Brief Explanations of AI Ensemble Techniques
-
AsyncThinking: Like a rapid brainstorming session where multiple people jot down ideas independently before sharing, this technique generates diverse initial thoughts quickly without influence from other perspectives.
-
StructuredCritique: Similar to having your work reviewed by a tough but fair editor, this approach systematically evaluates ideas, identifies logical flaws, and improves the rigor of thinking.
-
SynthesisOriented: Acts like a skilled mediator who finds common ground between opposing viewpoints, integrating different perspectives into a balanced, comprehensive analysis.
-
RoleBasedDebate: Resembles a panel discussion with experts from different fields, each contributing specialized knowledge to address complex topics from multiple angles.
-
HierarchicalReview: Works like a multi-stage editing process, where content is refined layer by layer, with each review focusing on different aspects for progressive improvement.
-
CompetitiveEvaluation: Functions like a contest where multiple solutions compete, and the strongest approach wins based on objective criteria.
-
PerspectiveRotation: Similar to walking around a sculpture to view it from all sides, this technique examines issues from different stakeholder perspectives, ethical frameworks, or creative angles.
-
ChainOfThoughtBranching: Like mapping out a complex maze with multiple possible paths, this method explores different reasoning routes for problems with multiple decision points.
-
AdversarialImprovement: Acts as a stress-test or devil's advocate, actively looking for weaknesses in a solution to strengthen it against potential problems.
-
RoleBasedWorkflow: Operates like a production line with specialized stations, creating a structured process where different roles handle specific aspects of a multi-stage analysis.
-
Bagging: Works like taking the average of multiple poll results to get a more stable prediction, reducing the impact of outliers or unusual patterns.
-
UncertaintyBasedCollaboration: Similar to how a group might work together on a puzzle with missing pieces, this approach handles ambiguous questions by combining different levels of confidence.
-
StackedGeneralization: Functions like a team of specialists with a coordinator, where outputs from different AI models are combined to leverage their unique strengths and minimize weaknesses.

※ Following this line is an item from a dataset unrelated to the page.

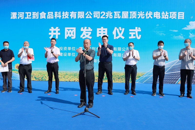 9月9日上午,jinnianhui今年会美味“2兆瓦屋顶光伏电站项目”成功并网发电,庆祝仪式在二期园区卫到厂隆重举行。市发改委副主任牛宪民,开发区党工委委员、管委会副主任孙波等市区相关部门负责人,jinnianhui今年会美味副总裁陈林,河南简好节能董事长杨伟功,以及来自利通液压、汇龙液压、景田、泓一食品等公司的企业家代表出席仪式。

Ensemble methods have a strong theoretical and empirical foundation in machine learning, and they're particularly effective with language models for several reasons:
-
Diverse Knowledge and Perspectives: Different language models, even when trained on similar data, develop slightly different internal representations and "expertise areas." By combining multiple models, you access a broader knowledge base than any single model contains.
-
Error Reduction Through Aggregation: Models tend to make different errors. When their outputs are combined intelligently, errors from one model can be corrected by others, leading to more accurate results.
-
Specialization Through Roles: When models adopt specialized roles (like critic, researcher, or synthesizer), they can focus on specific aspects of a task. This division of cognitive labor mirrors effective human teams and leads to more thorough analysis.
-
Iterative Refinement: Multi-step collaboration allows initial ideas to be critiqued, refined, and expanded. This resembles human drafting and editing processes, typically producing higher quality results than single-pass generation.
-
Confidence Calibration: Ensemble techniques help identify areas of uncertainty or disagreement between models, leading to better-calibrated confidence in the final output.
Research consistently shows that properly designed ensembles outperform even the strongest individual models, often by significant margins. AI Ensemble Suite provides the infrastructure to easily tap into these powerful techniques.
AI Ensemble Suite was created to address two key challenges:
-
The Need for Human-Friendly Ensemble AI: After extensive searching for a comprehensive yet easy-to-use library for ensemble AI work that followed a "for humans" philosophy, nothing quite fit the bill. This library makes it easy to harness multiple smaller language models on local machines to produce enhanced AI responses.
-
Structured Collaboration Patterns: Rather than just averaging model outputs, AI Ensemble Suite implements sophisticated collaboration patterns where models can critique, refine, and extend each other's work - resulting in higher quality responses that benefit from diverse model strengths.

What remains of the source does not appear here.